**Work instruction**
Leaving out every picture, copy the lines of the material below exactly, from the line containing "这是2023年12月7日拍摄" through the line containing "Lanyard van sterk".

**Materials provided**
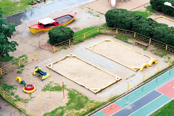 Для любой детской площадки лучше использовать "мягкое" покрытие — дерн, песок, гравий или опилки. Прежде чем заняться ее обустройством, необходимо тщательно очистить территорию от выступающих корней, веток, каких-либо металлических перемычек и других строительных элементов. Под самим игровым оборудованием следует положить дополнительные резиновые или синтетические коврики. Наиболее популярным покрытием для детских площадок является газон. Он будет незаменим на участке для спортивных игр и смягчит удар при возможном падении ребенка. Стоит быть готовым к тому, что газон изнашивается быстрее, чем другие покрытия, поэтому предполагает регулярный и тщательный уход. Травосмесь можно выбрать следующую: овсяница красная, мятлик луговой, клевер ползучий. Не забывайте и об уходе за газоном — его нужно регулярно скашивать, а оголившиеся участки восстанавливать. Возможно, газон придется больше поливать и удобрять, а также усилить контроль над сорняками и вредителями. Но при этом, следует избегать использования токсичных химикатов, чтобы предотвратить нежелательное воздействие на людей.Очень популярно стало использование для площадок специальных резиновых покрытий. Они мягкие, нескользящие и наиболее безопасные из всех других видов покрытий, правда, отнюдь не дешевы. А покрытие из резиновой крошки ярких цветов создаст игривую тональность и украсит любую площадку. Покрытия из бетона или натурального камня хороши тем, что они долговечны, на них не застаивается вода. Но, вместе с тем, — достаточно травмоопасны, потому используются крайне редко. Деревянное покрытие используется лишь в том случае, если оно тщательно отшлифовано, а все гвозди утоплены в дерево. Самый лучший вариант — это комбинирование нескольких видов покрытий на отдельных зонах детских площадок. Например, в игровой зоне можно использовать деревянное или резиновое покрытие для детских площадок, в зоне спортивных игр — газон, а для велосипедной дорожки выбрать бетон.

==

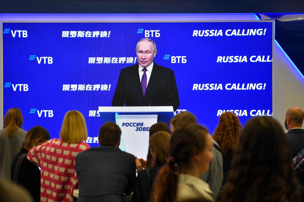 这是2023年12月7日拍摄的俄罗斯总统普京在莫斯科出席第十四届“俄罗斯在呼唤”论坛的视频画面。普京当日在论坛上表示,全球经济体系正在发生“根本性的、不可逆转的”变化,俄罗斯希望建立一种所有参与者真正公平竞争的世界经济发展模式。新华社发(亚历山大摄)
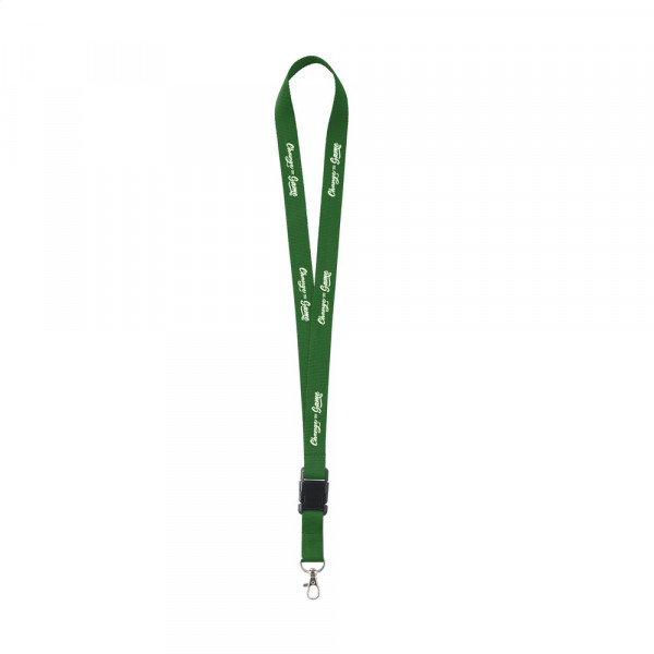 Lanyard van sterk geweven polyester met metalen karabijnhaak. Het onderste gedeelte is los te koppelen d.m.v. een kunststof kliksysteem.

**Written solution**
 这是2023年12月7日拍摄的俄罗斯总统普京在莫斯科出席第十四届“俄罗斯在呼唤”论坛的视频画面。普京当日在论坛上表示,全球经济体系正在发生“根本性的、不可逆转的”变化,俄罗斯希望建立一种所有参与者真正公平竞争的世界经济发展模式。新华社发(亚历山大摄)
 Lanyard van sterk geweven polyester met metalen karabijnhaak. Het onderste gedeelte is los te koppelen d.m.v. een kunststof kliksysteem.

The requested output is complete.